Inventors can fall at this first hurdle. This is often because they regard themselves as “ideas people” and not practical men or women with business acumen.

Unless they have business partners who turn ideas into products, inventors must address this problem. And this isn’t as hard as it may at first seem. What inventors must do is apply their skill at producing great ideas to the realm of business strategy.


One of the key business strategies for inventors is communication. Those inventors who can express their ideas in simple terms verbally and in writing give themselves an advantage.

To see this strategy at work, inventors should watch TV programmes such as Dragon’s Den. At the end of each entrepreneur’s presentation, they should ask: Do I fully understand what the entrepreneur has said? If so, how did the entrepreneur make his or her points? If the presentation was poor, what could the entrepreneur done to have improved it?

What comes out of this process is a realisation that in business, good communication sells products and services. Inventors don’t have to know sales techniques. But they do need to communicate with clarity and enthusiasm.

Know the Customer

What may seem like a great idea to an inventor may meet with indifference in the outside world. Inventors therefore need a customer strategy.

Whenever an inventor starts developing an idea, he or she must ask one question: who is going to use this new product?

Potential customers may number in the millions or hundreds. They may be consumers or business people. They may be wealthy or have an average income. It doesn’t matter. Inventors must have a clear idea of who is going to buy what they make.


Inventors should not be parochial. They should adopt a worldwide business strategy.

This sounds rather daunting. It’s not.

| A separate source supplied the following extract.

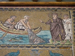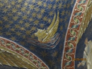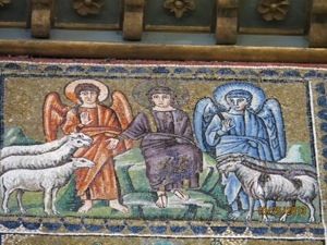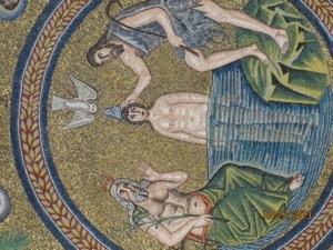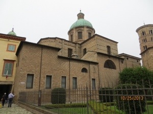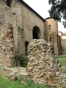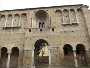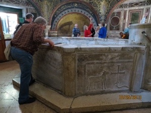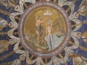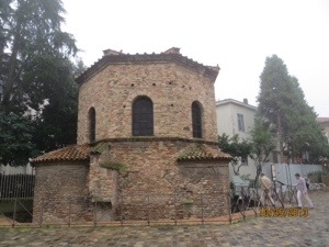 Another early church was the Duomo or cathedral of Ravenna. All that remains of the original structure is the chapel an early archbishop and they would not let us take pictures. Trust me, it was thoroughly Arian. Next to the cathedral was another early Baptistry with cheerful dancing Apostles on the wall overlooking the large marble baptismal pool. This pond was designed for more than one at a time and Jesus is looking down from above showing how it is done.

A worldwide strategy simply means that investors should consider whether their ideas would do well in foreign as well as home markets. They also need to decide whether it’s more practical and cost-effective to make a product abroad than in the UK.


Business strategists regularly talk about the need for websites and online advertising to promote new products. Inventors should therefore think about an online strategy.

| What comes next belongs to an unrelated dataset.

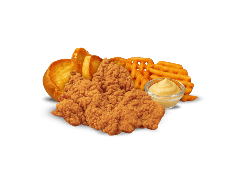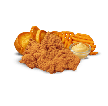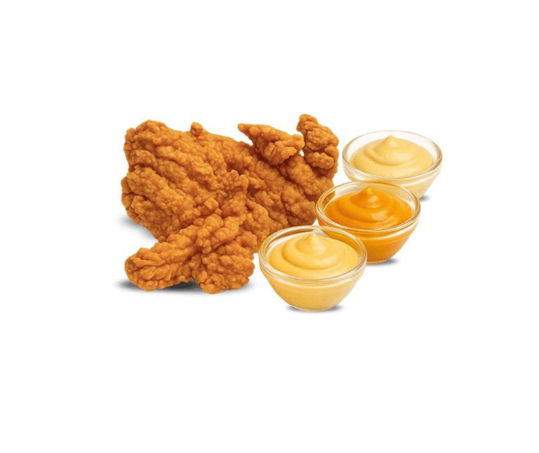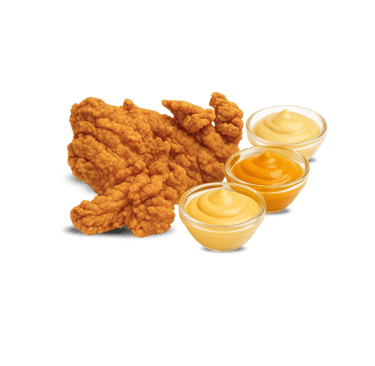 Tiras de pollo frito acompañadas con tres aderezos a elegir.

Online marketing is sophisticated. Standalone websites do not succeed. They need support from online and traditional media ads; SEO (search engine optimised) promotion from articles and linked websites; press releases; and appearances in social media. With the right support, online marketing can bring an inventor’s new product to the world’s attention.

Survive for Twelve Months

Inventors need a survival strategy from the moment they begin inventing. The business world can be tough. The frequently quoted statement that 50% of new businesses fail in their first year is an unfortunate fact.

Inventors who work at their ideas full-time must have a twelve-month strategy. They must know in advance how they are going to pull through the first year and pay their bills.

During their first year as sole traders or as directors of limited companies, inventors will learn a lot about the business world whether they want to or not. Many of the lessons are harsh and can damage financial resources. A twelve-month business strategy that allows for the unexpected can mean the difference between long-term success as an inventor and abrupt failure.